Go with a Storm Extreme. With a Hard Body it is $39.00. Parts are readily available and the car sticks great and is fast! As she gets better you can put a Tyco 3.5 arm in to even make it faster!


----------



## old blue (May 4, 2007)

In my experience you will do better with a pink car that has her name on it in decals. The make and model is irrelevant.


----------



## Boosted-Z71 (Nov 26, 2007)

Old blue is right, I bought my wife a Pink Cuda Thunderjet, Added some nice silifoams and a little tweaking on the shoes and she can run with the best of t-jets..

Boosted


----------



## slotcarman12078 (Oct 3, 2008)

It's cool that the missus wants to play lil cars with you! The light bender guaranteed stuck to the track may not be the best solution though. I agree giving her an advantage will help, but something that requires no effort on her part will get old rather quickly. If you're running a stock Aurora T Jet, maybe set her up with a JL/AW T jet with the traction magnet underneath. I would de-tune it just a tad, and do some upgrades such as wheel and tires. Converting it to a 9 tooth pinion gear will tame it. She'll still have to drive it, but it'll stick better than yours, and probably go a bit faster. 

My wife chose her body style (a blue chrome charger) and it became her only car. Funny, she couldn't run any other car very well, but she was a terror on the track with her car.


----------



## Hornet (Dec 1, 2005)

slotcar58 said:


> Go with a Storm Extreme. With a Hard Body it is $39.00. Parts are readily available and the car sticks great and is fast! As she gets better you can put a Tyco 3.5 arm in to even make it faster!


I vote for this one 2.
The Storm Extreme is virtually indestructable and is probably the simplest car on the market to maintain and keep running,with a very good aftermarket if you do want to hop it up some.
Inline cars usually don't require as many specialized tools to work on as the pancake cars do,so if you're tool shy,keep that in mind

Stay with cars you can easily get parts for


----------



## joegri (Feb 13, 2008)

leon think about this dont get her a car!! the idea is to escape from the workaday world and lifes little situations and have some fun by yourself.but if you must, i agree that the lifelike cars are a good choice. i made a dale jr for the tm years ago she turned a few laps then never to be run again,now it,s in a box somewhere gathering dust n cobwebs.dont get me wrong i love my tm but i love her more when she,s not in the cave lol. this reply is ment to be light hearted enjoy:thumbsup:


----------



## TeamMadMarsupial (Dec 23, 2012)

The AW T-Jet with the traction magnet may be the way to go. I don't think the whole, its gotta be fast thing, is the best way to get someone started?

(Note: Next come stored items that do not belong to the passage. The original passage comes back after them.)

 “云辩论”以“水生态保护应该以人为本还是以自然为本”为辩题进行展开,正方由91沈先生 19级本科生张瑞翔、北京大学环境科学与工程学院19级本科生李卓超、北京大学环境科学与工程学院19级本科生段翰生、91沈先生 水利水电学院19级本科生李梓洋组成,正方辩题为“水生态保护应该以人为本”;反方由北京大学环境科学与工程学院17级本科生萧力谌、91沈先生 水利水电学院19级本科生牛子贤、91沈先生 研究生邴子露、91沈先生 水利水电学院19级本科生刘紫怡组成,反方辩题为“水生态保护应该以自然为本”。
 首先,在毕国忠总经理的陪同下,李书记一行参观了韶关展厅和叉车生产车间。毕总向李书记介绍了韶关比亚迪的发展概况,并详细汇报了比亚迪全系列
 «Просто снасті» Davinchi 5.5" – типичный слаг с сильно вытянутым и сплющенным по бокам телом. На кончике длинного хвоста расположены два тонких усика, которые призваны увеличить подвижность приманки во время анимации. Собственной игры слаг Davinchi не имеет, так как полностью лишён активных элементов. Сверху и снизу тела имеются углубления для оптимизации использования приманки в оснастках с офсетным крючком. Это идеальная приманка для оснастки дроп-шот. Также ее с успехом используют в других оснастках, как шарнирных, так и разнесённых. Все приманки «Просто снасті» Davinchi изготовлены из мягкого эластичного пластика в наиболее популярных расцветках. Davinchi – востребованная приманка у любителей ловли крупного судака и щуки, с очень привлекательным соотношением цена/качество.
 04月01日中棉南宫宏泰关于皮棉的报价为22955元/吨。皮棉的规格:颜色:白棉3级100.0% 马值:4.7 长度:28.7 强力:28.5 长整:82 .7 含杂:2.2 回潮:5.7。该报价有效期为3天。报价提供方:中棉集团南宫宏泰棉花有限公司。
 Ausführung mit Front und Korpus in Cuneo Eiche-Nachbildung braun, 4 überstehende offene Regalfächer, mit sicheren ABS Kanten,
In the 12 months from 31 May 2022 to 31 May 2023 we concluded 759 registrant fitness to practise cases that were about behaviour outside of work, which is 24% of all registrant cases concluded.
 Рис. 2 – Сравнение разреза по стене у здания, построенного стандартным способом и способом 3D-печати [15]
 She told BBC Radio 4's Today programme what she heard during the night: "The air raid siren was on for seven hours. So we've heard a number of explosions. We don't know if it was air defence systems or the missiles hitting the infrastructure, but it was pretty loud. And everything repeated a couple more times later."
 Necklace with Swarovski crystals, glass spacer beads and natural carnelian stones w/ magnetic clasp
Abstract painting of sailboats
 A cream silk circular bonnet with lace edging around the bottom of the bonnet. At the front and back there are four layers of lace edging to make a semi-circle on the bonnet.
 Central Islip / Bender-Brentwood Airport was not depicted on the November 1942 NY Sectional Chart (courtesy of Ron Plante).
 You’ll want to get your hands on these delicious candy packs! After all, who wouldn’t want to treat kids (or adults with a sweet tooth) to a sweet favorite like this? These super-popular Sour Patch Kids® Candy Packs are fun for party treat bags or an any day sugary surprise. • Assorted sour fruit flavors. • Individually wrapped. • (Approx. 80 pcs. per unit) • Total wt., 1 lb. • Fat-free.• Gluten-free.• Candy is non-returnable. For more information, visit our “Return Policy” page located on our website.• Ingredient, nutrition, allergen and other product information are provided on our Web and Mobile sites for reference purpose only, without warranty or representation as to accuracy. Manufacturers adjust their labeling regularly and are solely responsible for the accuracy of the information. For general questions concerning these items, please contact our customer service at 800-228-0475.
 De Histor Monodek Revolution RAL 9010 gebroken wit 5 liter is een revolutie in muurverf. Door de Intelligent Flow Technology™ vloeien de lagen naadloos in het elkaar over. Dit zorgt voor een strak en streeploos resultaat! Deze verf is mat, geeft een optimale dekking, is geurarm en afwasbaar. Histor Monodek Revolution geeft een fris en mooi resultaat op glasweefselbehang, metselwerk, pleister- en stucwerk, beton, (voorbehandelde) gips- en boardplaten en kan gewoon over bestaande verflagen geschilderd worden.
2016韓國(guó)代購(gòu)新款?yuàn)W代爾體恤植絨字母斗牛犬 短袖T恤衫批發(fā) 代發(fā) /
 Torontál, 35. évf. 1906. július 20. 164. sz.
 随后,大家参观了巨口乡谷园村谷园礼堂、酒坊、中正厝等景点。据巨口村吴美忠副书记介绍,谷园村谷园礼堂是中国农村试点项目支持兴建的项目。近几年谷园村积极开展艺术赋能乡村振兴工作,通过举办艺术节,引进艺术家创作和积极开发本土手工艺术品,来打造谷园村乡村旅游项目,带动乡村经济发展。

We have been slowly working the inline cars out of our club. We eliminated any traction magets on the inlines a few years back, from what we called our open class, and it made it so much more fun. This past year we allowed the T-Jets with the traction magnet into this class and it got even better. It seems like each week fewer inlines are being used, even the holdouts are making the switch and enjoying the class more.

They are so much more drivable for the average person and even the new racers and kids just getting started can finish races. We quickly discovered that faster does not always make it fun! 

When I'm helping someone get started, I have them try multiple cars to see what is comfortable for them. Getting them able to make laps seems to work better than teaching them how to reslot a car ten times a lap.


----------



## Ralphthe3rd (Feb 24, 2011)

Yeah, if you scratch out my original reply- which did FIT your criteria Leonus, I'd have to say maybe an Ultra-G(w/Neo Traction magnet) Auto World T-Jet or X-Traction car might be the better way to go...it sticks pretty good, and is Fast for a pancake, but not too fast which gets Boring to a newbie rather Quickly.


----------



## Bill Hall (Jan 6, 2007)

old blue said:


> In my experience you will do better with a pink car that has her name on it in decals. The make and model is irrelevant.


Dont forget the Rhinestone head and tail lamps!


----------



## ParkRNDL (Mar 20, 2002)

TeamMadMarsupial said:


> The AW T-Jet with the traction magnet may be the way to go. I don't think the whole, its gotta be fast thing, is the best way to get someone started?
> 
> We have been slowly working the inline cars out of our club. We eliminated any traction magets on the inlines a few years back, from what we called our open class, and it made it so much more fun. This past year we allowed the T-Jets with the traction magnet into this class and it got even better. It seems like each week fewer inlines are being used, even the holdouts are making the switch and enjoying the class more.
> 
> ...


y'know, it's funny... my first instinct was gonna be to say LifeLike. i ran a few laps with a box stock one that I know is REALLY fast last night just to wow my 9-year-old... it's, like, LASER BEAM fast and sticks like glue. buuuut.... i DID say after a few laps, "gawd I hate these things." it's like piloting a little rocket that you can't even see. i put it back on the shelf and went back to a pancake something or other.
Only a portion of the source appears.